Your objective.
In the entries below, find the line with "핸드프린팅하고 난 뒤" and the line with "Wie van een". Repeat exactly everything between them, those two lines included, but not the pictures.

Information.
- Opening Delimiter -

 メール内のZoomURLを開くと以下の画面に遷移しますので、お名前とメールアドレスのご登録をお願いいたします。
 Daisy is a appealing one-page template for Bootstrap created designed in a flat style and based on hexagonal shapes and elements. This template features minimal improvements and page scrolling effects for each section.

- Closing Delimiter -
- Opening Delimiter -

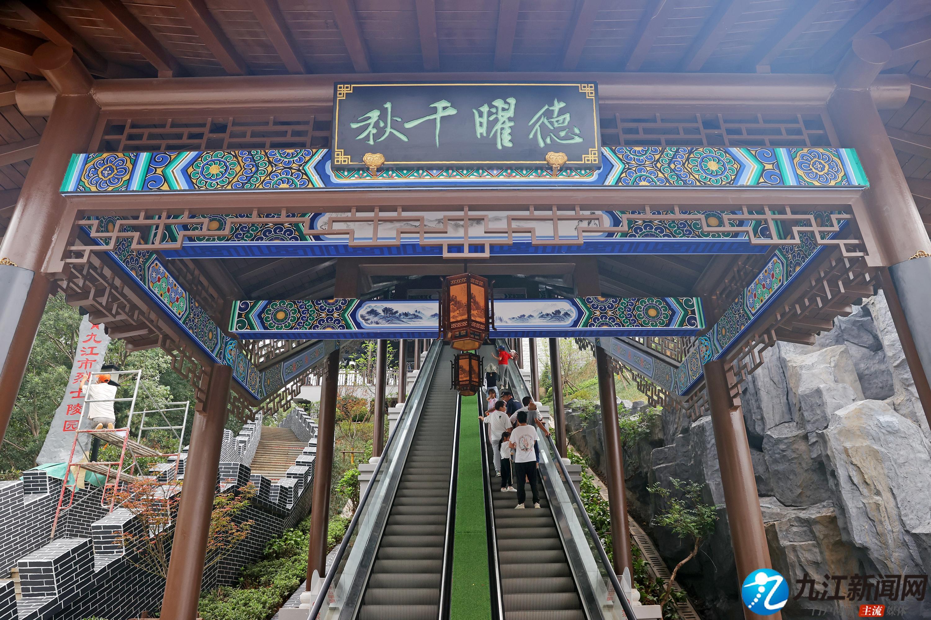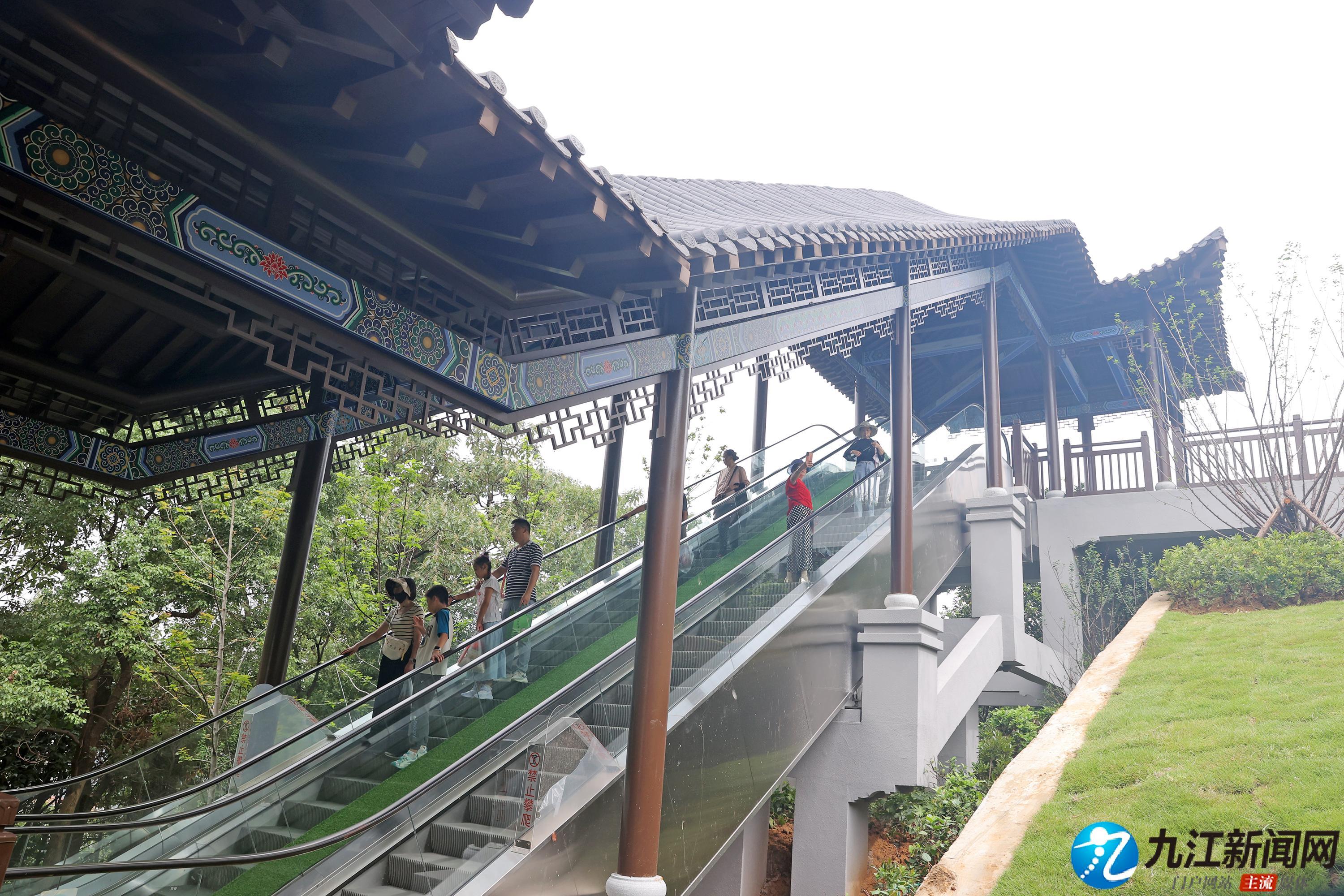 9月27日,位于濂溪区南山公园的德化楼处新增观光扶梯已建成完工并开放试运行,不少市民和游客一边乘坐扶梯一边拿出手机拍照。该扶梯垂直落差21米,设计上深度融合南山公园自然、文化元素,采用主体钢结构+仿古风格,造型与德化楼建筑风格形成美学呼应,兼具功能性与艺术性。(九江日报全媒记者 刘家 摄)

- Closing Delimiter -
- Opening Delimiter -

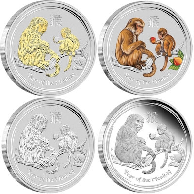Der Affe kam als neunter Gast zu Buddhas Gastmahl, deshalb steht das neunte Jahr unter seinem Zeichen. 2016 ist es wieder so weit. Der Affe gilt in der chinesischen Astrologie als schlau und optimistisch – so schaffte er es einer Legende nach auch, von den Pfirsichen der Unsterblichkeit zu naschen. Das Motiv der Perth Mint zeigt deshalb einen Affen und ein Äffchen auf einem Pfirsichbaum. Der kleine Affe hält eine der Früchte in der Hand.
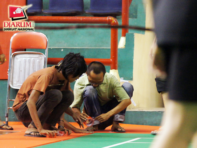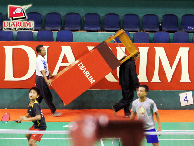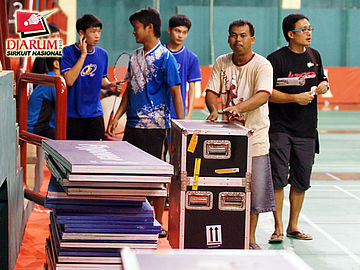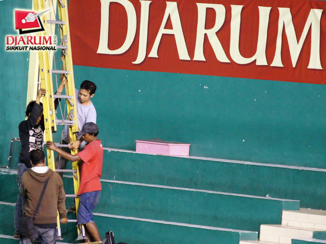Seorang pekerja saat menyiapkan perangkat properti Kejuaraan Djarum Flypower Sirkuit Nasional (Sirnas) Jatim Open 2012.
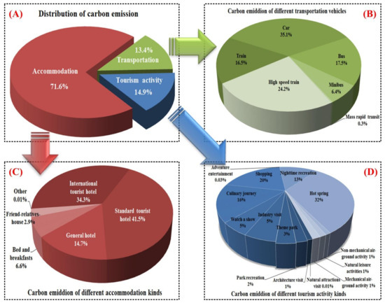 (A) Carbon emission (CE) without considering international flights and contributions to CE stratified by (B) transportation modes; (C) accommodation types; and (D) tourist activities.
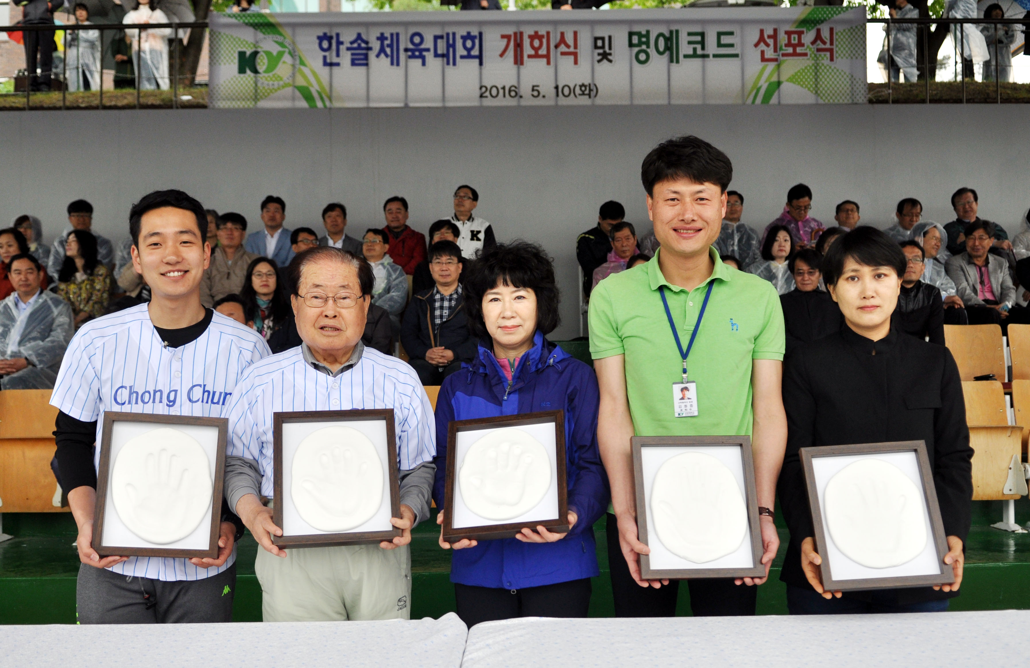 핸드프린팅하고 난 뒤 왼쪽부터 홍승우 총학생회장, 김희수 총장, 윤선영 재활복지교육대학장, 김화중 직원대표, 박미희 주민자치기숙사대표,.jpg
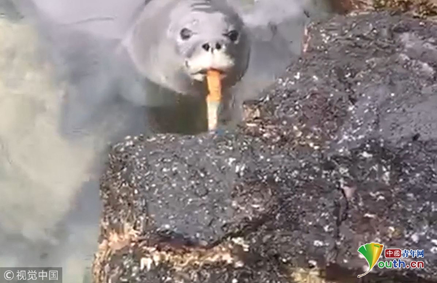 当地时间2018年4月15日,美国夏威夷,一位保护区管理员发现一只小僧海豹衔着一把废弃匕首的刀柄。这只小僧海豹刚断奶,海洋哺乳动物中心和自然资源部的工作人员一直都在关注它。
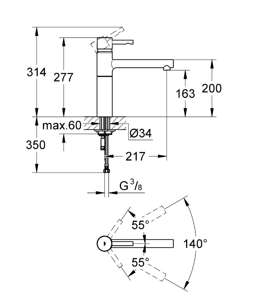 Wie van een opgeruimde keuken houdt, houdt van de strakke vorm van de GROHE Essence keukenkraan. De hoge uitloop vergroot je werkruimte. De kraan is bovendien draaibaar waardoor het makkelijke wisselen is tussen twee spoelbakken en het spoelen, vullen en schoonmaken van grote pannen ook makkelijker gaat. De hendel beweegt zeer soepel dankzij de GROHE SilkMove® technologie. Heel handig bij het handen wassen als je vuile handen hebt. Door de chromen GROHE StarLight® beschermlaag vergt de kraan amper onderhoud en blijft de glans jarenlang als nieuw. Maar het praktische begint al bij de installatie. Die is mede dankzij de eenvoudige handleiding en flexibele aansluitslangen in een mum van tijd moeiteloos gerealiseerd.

- Closing Delimiter -

Result.
 핸드프린팅하고 난 뒤 왼쪽부터 홍승우 총학생회장, 김희수 총장, 윤선영 재활복지교육대학장, 김화중 직원대표, 박미희 주민자치기숙사대표,.jpg
 当地时间2018年4月15日,美国夏威夷,一位保护区管理员发现一只小僧海豹衔着一把废弃匕首的刀柄。这只小僧海豹刚断奶,海洋哺乳动物中心和自然资源部的工作人员一直都在关注它。
 Wie van een opgeruimde keuken houdt, houdt van de strakke vorm van de GROHE Essence keukenkraan. De hoge uitloop vergroot je werkruimte. De kraan is bovendien draaibaar waardoor het makkelijke wisselen is tussen twee spoelbakken en het spoelen, vullen en schoonmaken van grote pannen ook makkelijker gaat. De hendel beweegt zeer soepel dankzij de GROHE SilkMove® technologie. Heel handig bij het handen wassen als je vuile handen hebt. Door de chromen GROHE StarLight® beschermlaag vergt de kraan amper onderhoud en blijft de glans jarenlang als nieuw. Maar het praktische begint al bij de installatie. Die is mede dankzij de eenvoudige handleiding en flexibele aansluitslangen in een mum van tijd moeiteloos gerealiseerd.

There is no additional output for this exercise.